Acta Pharmacologica Sinica ( IF 8.2 ) Pub Date : 2018-01-11 , DOI: 10.1038/aps.2017.134 Ya-Jun Yang 1 , Zhu Zhu 2 , Dong-Tao Wang 3 , Xin-le Zhang 1 , Yu-Yu Liu 1 , Wen-Xiu Lai 1 , Yu-Lin Mo 1 , Jin Li 1 , Yan-Long Liang 1 , Zhuo-Qing Hu 1 , Yong-Jie Yu 1 , Liao Cui 1, 4
Acta Pharmacologica Sinica ( IF 8.2 ) Pub Date : 2018-01-11 , DOI: 10.1038/aps.2017.134 Ya-Jun Yang 1 , Zhu Zhu 2 , Dong-Tao Wang 3 , Xin-le Zhang 1 , Yu-Yu Liu 1 , Wen-Xiu Lai 1 , Yu-Lin Mo 1 , Jin Li 1 , Yan-Long Liang 1 , Zhuo-Qing Hu 1 , Yong-Jie Yu 1 , Liao Cui 1, 4
Affiliation
Glucocorticoid (GC)-induced osteoporosis (GIO) is characterized by impaired bone formation, which can be alleviated by tanshinol, an aqueous polyphenol isolated from Salvia miltiorrhiza Bunge. In this study we investigated the molecular mechanisms underlying GC-induced modulation of osteogenesis as well as the possibility of using tanshinol to interfere with GIO. Female SD rats aged 4 months were orally administered distilled water (Con), prednisone (GC, 5 mg·kg-1·d-1), GC plus tanshinol (Tan, 16 mg·kg-1·d-1) or GC plus resveratrol (Res, 5 mg·kg-1·d-1) for 14 weeks.
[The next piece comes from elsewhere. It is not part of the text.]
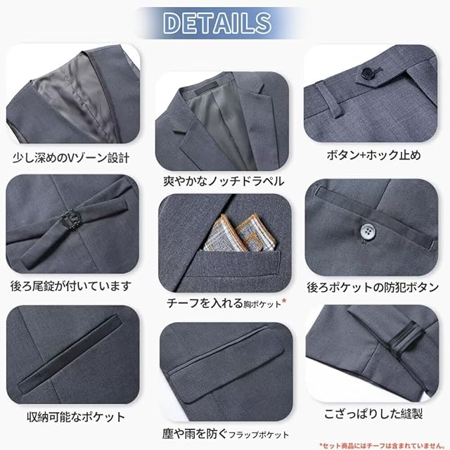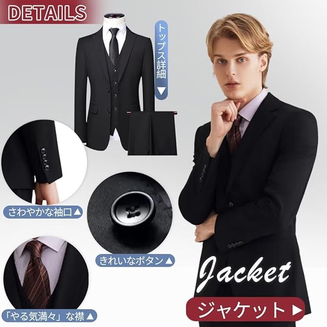 【デザイン&仕様ポイント】ポケットの数:2つサイドポケット 1つ胸ポケット 2つインナーポケット。/ジャケットの袖口は調整しやすいようにあえて縫い代を多めに残し、釦ホールを開けない仕様となっております。/立体縫製を取り入れたメンズスーツ3点セットが体のラインに合わせて着こなしまして、男の色気を引き出します。

After the rats were sacrificed, samples of bone tissues were collected. The changes in bone formation were assessed using Micro-CT, histomorphometry, and biomechanical assays. Expression of Kruppel-like factor 15 (KLF15), peroxisome proliferator-activated receptor γ 2 (PPARγ 2) and other signaling proteins in skeletal tissue was measured with Western blotting and quantitative RT-PCR. GC treatment markedly increased the expression of KLF15, PPARγ2, C/EBPα and aP2, which were related to adipogenesis, upregulated FoxO3a pathway proteins (FoxO3a and Gadd45a), and suppressed the canonical Wnt signaling (β-catenin and Axin2), which was required for osteogenesis. Thus, GC significantly decreased bone mass and bone quality. Co-treatment with Tan or Res effectively counteracted GC-impaired bone formation, suppressed GC-induced adipogenesis, and restored abnormal expression of the signaling molecules in GIO rats. We conclude that tanshinol counteracts GC-decreased bone formation by inhibiting marrow adiposity via the KLF15/PPARγ2/FoxO3a/Wnt pathway.
中文翻译:
丹参醇通过抑制GIO大鼠中经由KLF15 /PPARγ2信号传导的脂肪形成而减轻受损的骨形成。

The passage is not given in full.